More and more astronomers are publishing the source code to the software that they write, which is awesome. Usually, though, we’re pretty sloppy about the legalities associated with publishing code. And who can blame us? That stuff is annoying and boring, right? Well … I actually think the relevant law is kind of interesting, to be honest. But even if you’re not like me, it’s important to cover your legal bases if you want other folks to use your code. Fortunately, there are only a few core concepts to understand, and to “cover your bases” you only need to do a few simple things. I’ll try to explain the whys and hows below. Keep in mind that I am not a lawyer, this is not legal advice, etc.
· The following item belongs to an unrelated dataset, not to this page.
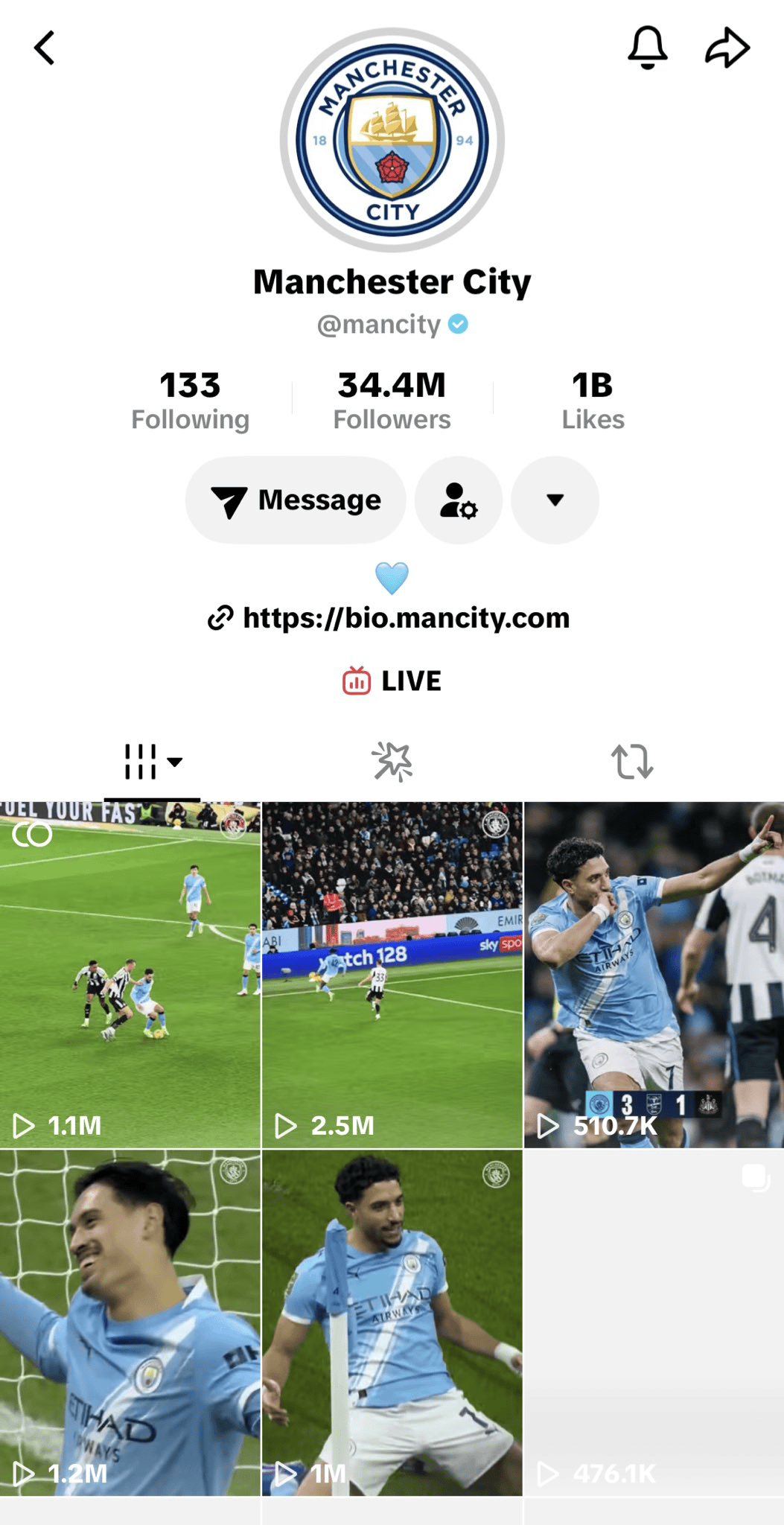 虎扑02月05日讯曼城官方TikTok账号显示其点赞数已经超10亿,成为第一家做到这点的俱乐部。

Fact #1. If you just ignore the legal stuff, it will be illegal for anyone else to use your software! This is why you should keep reading! Of course, scientists have ignored the legalities and used each other’s software since software was invented. But it barely takes any effort to do better, and there are more and more cases where you can’t just ignore these things — think of multi-million-dollar international scientific collaborations with boards and MOUs and all that jazz. Unless they can prove that it is legal for them to use a certain piece of code, they won’t touch it. So, why is Fact #1 true? Let’s start with one little piece of theory. It’ll be quick, I promise.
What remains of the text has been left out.